Records shown >>
·····
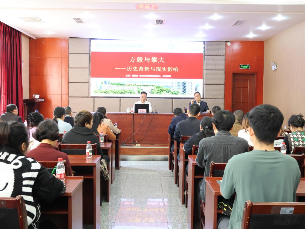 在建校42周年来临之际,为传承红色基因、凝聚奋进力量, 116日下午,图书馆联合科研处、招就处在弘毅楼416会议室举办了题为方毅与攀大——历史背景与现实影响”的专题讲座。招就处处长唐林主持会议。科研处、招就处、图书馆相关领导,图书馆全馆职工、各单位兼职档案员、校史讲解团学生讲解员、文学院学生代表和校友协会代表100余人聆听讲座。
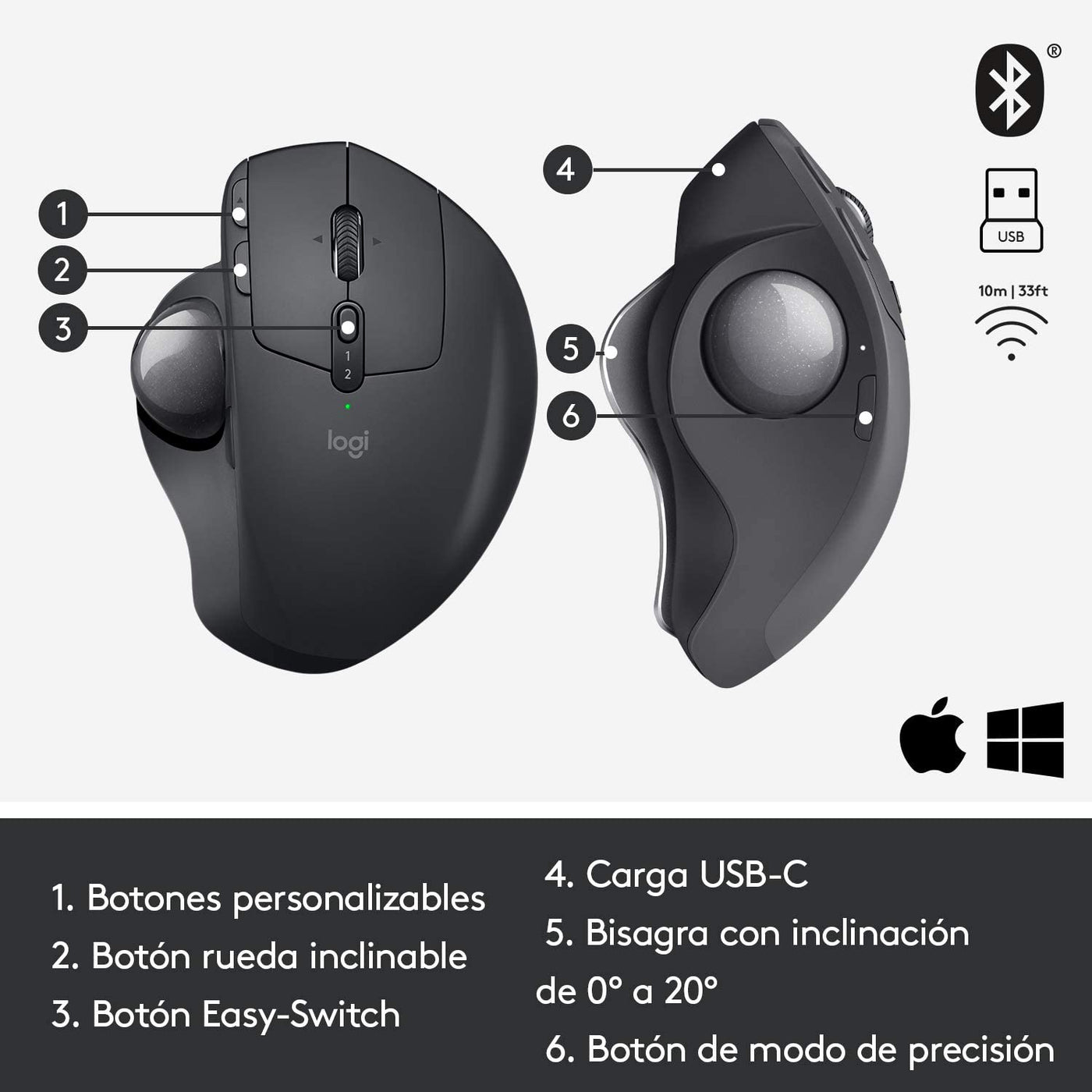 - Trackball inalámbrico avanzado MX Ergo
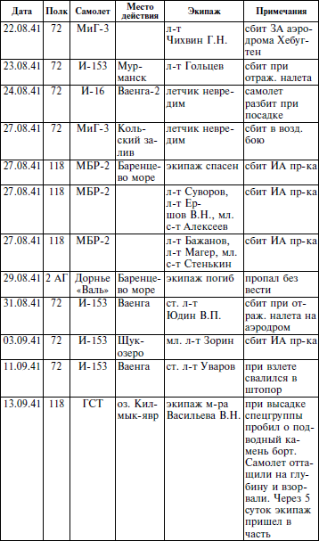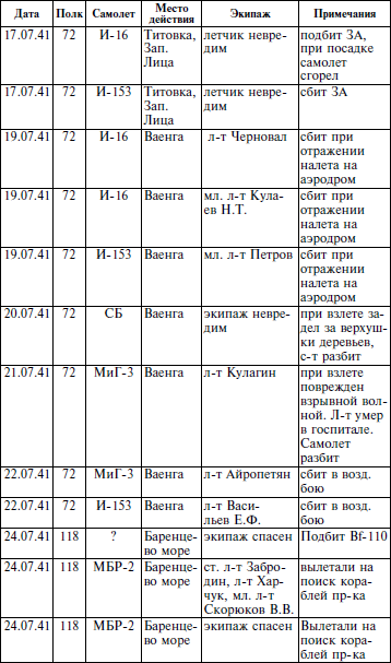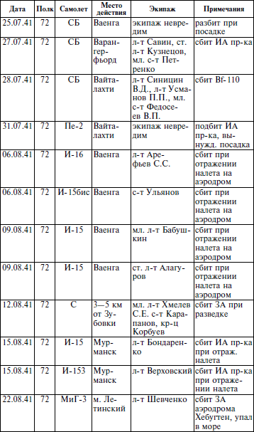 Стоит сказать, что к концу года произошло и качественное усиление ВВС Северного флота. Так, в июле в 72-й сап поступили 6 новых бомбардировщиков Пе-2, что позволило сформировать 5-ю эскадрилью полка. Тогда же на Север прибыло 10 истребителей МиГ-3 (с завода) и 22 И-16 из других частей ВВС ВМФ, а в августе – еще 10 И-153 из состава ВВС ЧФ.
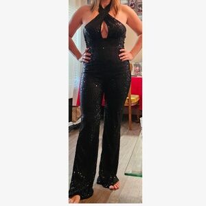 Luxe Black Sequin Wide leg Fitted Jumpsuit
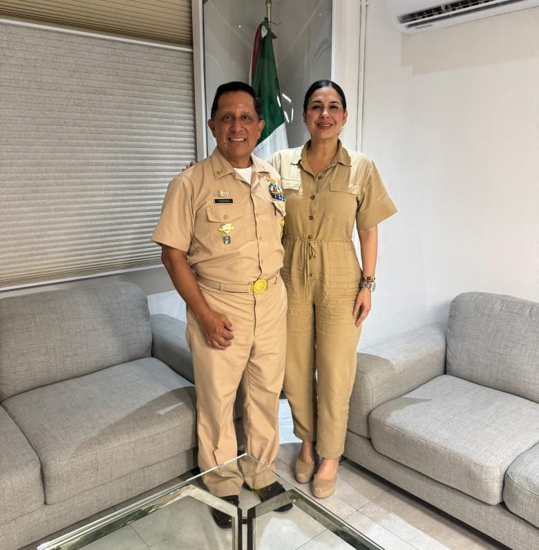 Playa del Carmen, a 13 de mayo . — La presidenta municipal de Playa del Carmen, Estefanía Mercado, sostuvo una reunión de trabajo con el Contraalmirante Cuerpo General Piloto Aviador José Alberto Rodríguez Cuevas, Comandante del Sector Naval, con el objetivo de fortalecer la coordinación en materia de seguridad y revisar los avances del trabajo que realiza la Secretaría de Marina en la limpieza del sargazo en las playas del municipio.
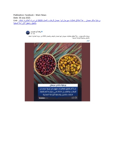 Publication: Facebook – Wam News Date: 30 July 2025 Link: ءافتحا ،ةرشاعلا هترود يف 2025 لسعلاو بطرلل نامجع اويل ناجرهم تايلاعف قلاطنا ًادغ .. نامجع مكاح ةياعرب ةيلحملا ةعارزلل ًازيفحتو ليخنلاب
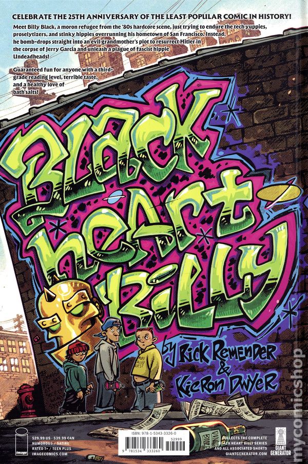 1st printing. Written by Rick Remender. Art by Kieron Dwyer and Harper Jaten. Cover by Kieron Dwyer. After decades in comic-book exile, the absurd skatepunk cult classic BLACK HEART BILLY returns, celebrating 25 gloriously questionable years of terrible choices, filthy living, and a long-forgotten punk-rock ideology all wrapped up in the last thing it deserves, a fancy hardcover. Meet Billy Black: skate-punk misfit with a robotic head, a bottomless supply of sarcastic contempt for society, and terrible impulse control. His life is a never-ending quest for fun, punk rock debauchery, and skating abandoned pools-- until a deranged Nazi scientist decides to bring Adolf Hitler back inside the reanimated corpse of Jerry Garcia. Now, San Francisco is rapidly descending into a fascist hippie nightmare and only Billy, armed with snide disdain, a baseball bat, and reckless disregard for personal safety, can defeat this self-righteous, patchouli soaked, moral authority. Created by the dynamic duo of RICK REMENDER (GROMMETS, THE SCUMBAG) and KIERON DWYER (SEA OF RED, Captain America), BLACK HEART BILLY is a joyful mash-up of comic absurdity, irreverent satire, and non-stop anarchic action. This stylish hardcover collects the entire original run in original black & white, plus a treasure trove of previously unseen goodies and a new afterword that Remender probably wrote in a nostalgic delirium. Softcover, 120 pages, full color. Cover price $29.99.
·····
Exercise details >>
Could you set down every record above exactly as written, leaving out the pictures?

Finished exercise >>
 在建校42周年来临之际,为传承红色基因、凝聚奋进力量, 116日下午,图书馆联合科研处、招就处在弘毅楼416会议室举办了题为方毅与攀大——历史背景与现实影响”的专题讲座。招就处处长唐林主持会议。科研处、招就处、图书馆相关领导,图书馆全馆职工、各单位兼职档案员、校史讲解团学生讲解员、文学院学生代表和校友协会代表100余人聆听讲座。
 - Trackball inalámbrico avanzado MX Ergo
 Стоит сказать, что к концу года произошло и качественное усиление ВВС Северного флота. Так, в июле в 72-й сап поступили 6 новых бомбардировщиков Пе-2, что позволило сформировать 5-ю эскадрилью полка. Тогда же на Север прибыло 10 истребителей МиГ-3 (с завода) и 22 И-16 из других частей ВВС ВМФ, а в августе – еще 10 И-153 из состава ВВС ЧФ.
 Luxe Black Sequin Wide leg Fitted Jumpsuit
 Playa del Carmen, a 13 de mayo . — La presidenta municipal de Playa del Carmen, Estefanía Mercado, sostuvo una reunión de trabajo con el Contraalmirante Cuerpo General Piloto Aviador José Alberto Rodríguez Cuevas, Comandante del Sector Naval, con el objetivo de fortalecer la coordinación en materia de seguridad y revisar los avances del trabajo que realiza la Secretaría de Marina en la limpieza del sargazo en las playas del municipio.
 Publication: Facebook – Wam News Date: 30 July 2025 Link: ءافتحا ،ةرشاعلا هترود يف 2025 لسعلاو بطرلل نامجع اويل ناجرهم تايلاعف قلاطنا ًادغ .. نامجع مكاح ةياعرب ةيلحملا ةعارزلل ًازيفحتو ليخنلاب
 1st printing. Written by Rick Remender. Art by Kieron Dwyer and Harper Jaten. Cover by Kieron Dwyer. After decades in comic-book exile, the absurd skatepunk cult classic BLACK HEART BILLY returns, celebrating 25 gloriously questionable years of terrible choices, filthy living, and a long-forgotten punk-rock ideology all wrapped up in the last thing it deserves, a fancy hardcover. Meet Billy Black: skate-punk misfit with a robotic head, a bottomless supply of sarcastic contempt for society, and terrible impulse control. His life is a never-ending quest for fun, punk rock debauchery, and skating abandoned pools-- until a deranged Nazi scientist decides to bring Adolf Hitler back inside the reanimated corpse of Jerry Garcia. Now, San Francisco is rapidly descending into a fascist hippie nightmare and only Billy, armed with snide disdain, a baseball bat, and reckless disregard for personal safety, can defeat this self-righteous, patchouli soaked, moral authority. Created by the dynamic duo of RICK REMENDER (GROMMETS, THE SCUMBAG) and KIERON DWYER (SEA OF RED, Captain America), BLACK HEART BILLY is a joyful mash-up of comic absurdity, irreverent satire, and non-stop anarchic action. This stylish hardcover collects the entire original run in original black & white, plus a treasure trove of previously unseen goodies and a new afterword that Remender probably wrote in a nostalgic delirium. Softcover, 120 pages, full color. Cover price $29.99.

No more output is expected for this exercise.